A function of two variables is given by,
f(x,y) = e^2x-3y
Find the tangent approximation to f(0.989,1.166) near (0,0), giving your answer to 4 decimal places.
To find the tangent approximation to f(0.989,1.166) near (0,0), we can use the concept of linearization. The linearization of a multi-variable function is given by the equation:
L(x,y) = f(a,b) + (∂f/∂x)(a,b)(x-a) + (∂f/∂y)(a,b)(y-b)
where (a,b) is the point at which we want to approximate the function and (∂f/∂x)(a,b) and (∂f/∂y)(a,b) are the partial derivatives of f with respect to x and y, evaluated at (a,b).
In our case, the given function is f(x,y) = e^(2x-3y). So, let's calculate the partial derivatives.

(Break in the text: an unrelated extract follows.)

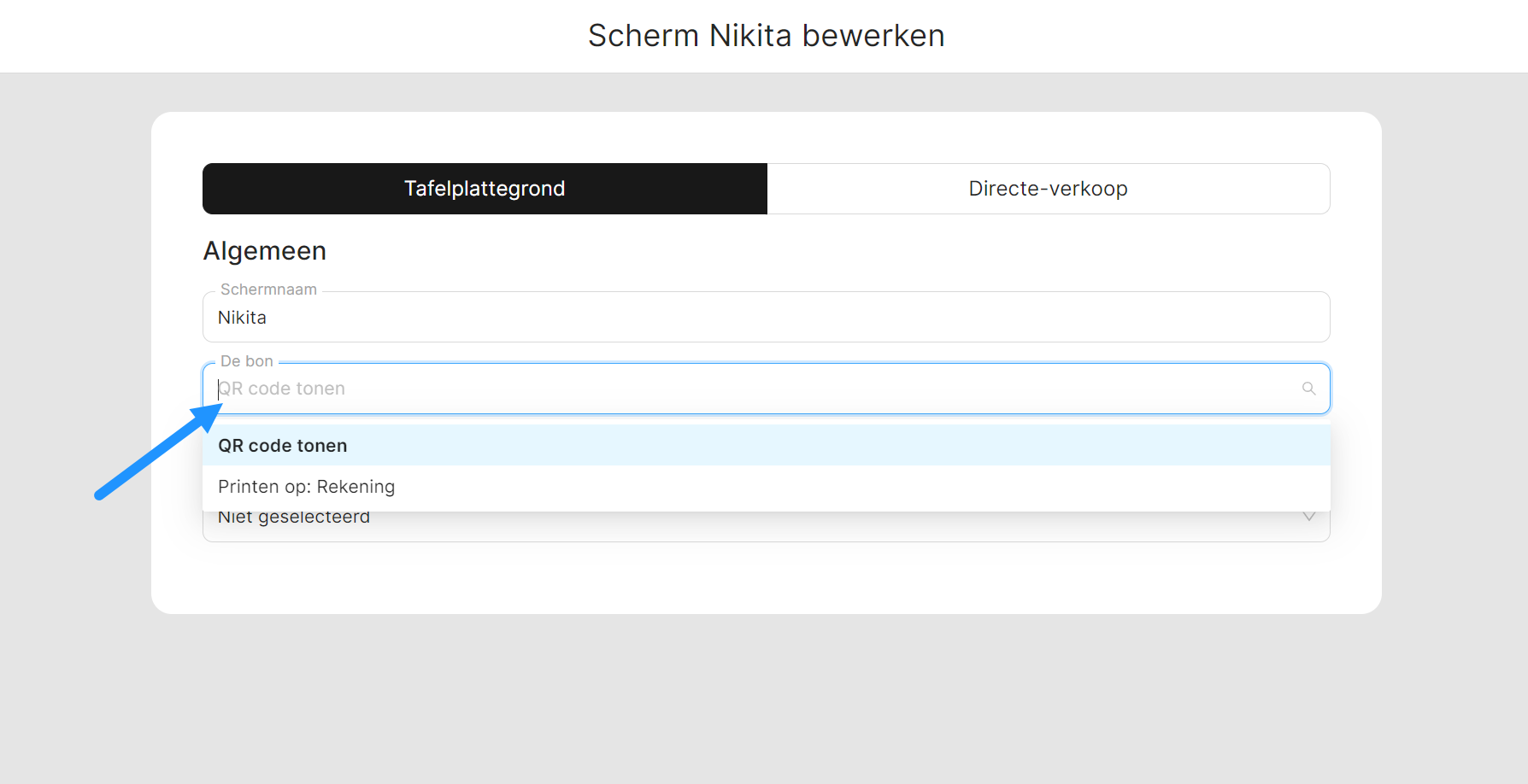 Indien nodig kunt je ook de relevante betaalterminals aan dit scherm toewijzen. Selecteer in het veld 'terminals' de gewenste terminal voor dit scherm.

∂f/∂x = (∂/∂x)(e^(2x-3y)) = 2e^(2x-3y)
∂f/∂y = (∂/∂y)(e^(2x-3y)) = -3e^(2x-3y)
Now, let's evaluate the partial derivatives (∂f/∂x)(0,0) and (∂f/∂y)(0,0) at (a,b) = (0,0):
(∂f/∂x)(0,0) = 2e^(2(0)-3(0)) = 2e^0 = 2
(∂f/∂y)(0,0) = -3e^(2(0)-3(0)) = -3e^0 = -3
Next, let's plug these values into the linearization formula. We have:
L(x,y) = f(0,0) + (∂f/∂x)(0,0)(x-0) + (∂f/∂y)(0,0)(y-0)

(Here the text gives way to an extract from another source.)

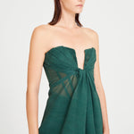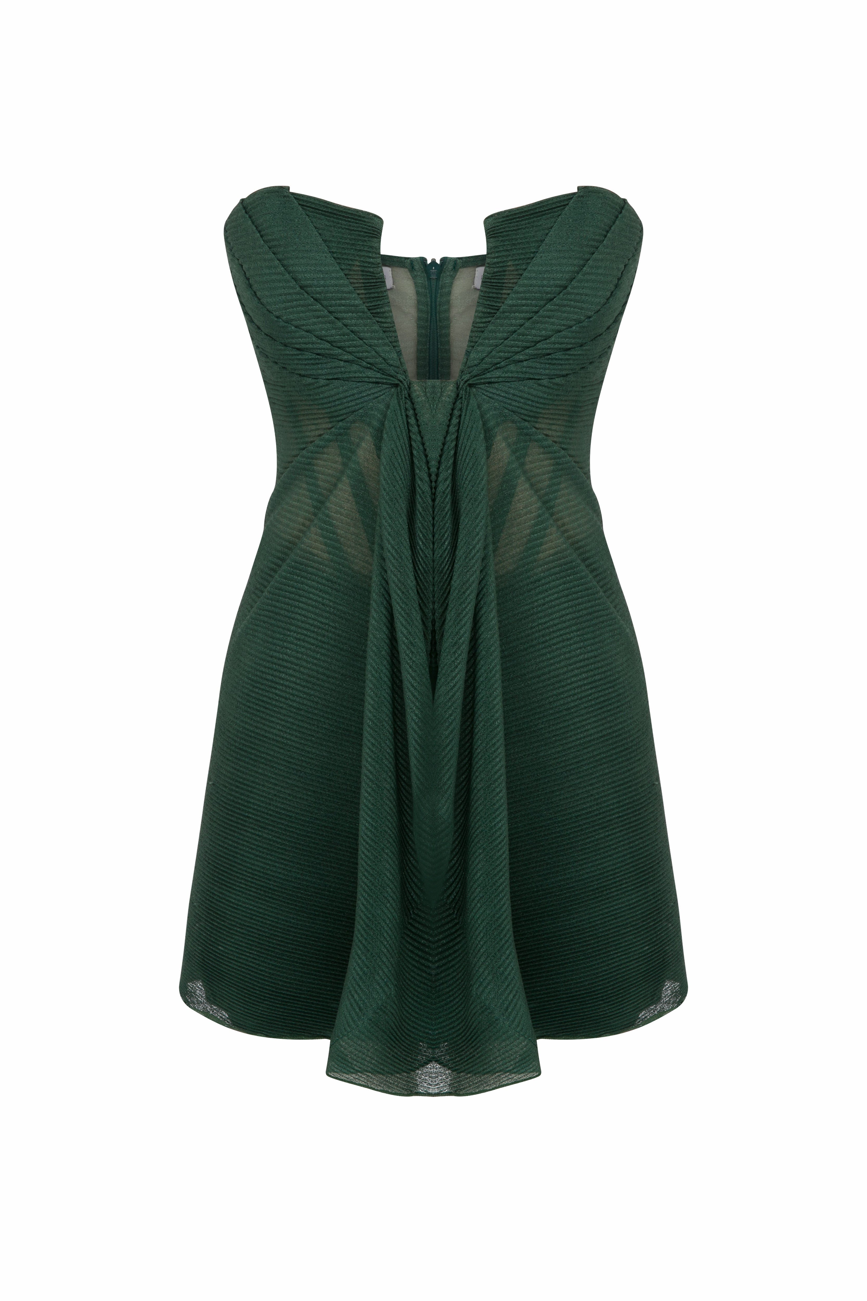 Strapless Baloon Mini Dress With Deep V Cut And See-Through Waist Details

To find f(0,0), substitute x = 0 and y = 0 into the given function:
f(0,0) = e^(2(0)-3(0)) = e^0 = 1
Hence, the linearization becomes:
L(x,y) = 1 + 2x - 3y
Finally, substitute the values of x = 0.989 and y = 1.166 into the linearization equation to find the tangent approximation:
L(0.989, 1.166) = 1 + 2(0.989) - 3(1.166) = 1 + 1.978 - 3.498 = -0.52
Therefore, the tangent approximation to f(0.989,1.166) near (0,0) is -0.52, rounded to 4 decimal places.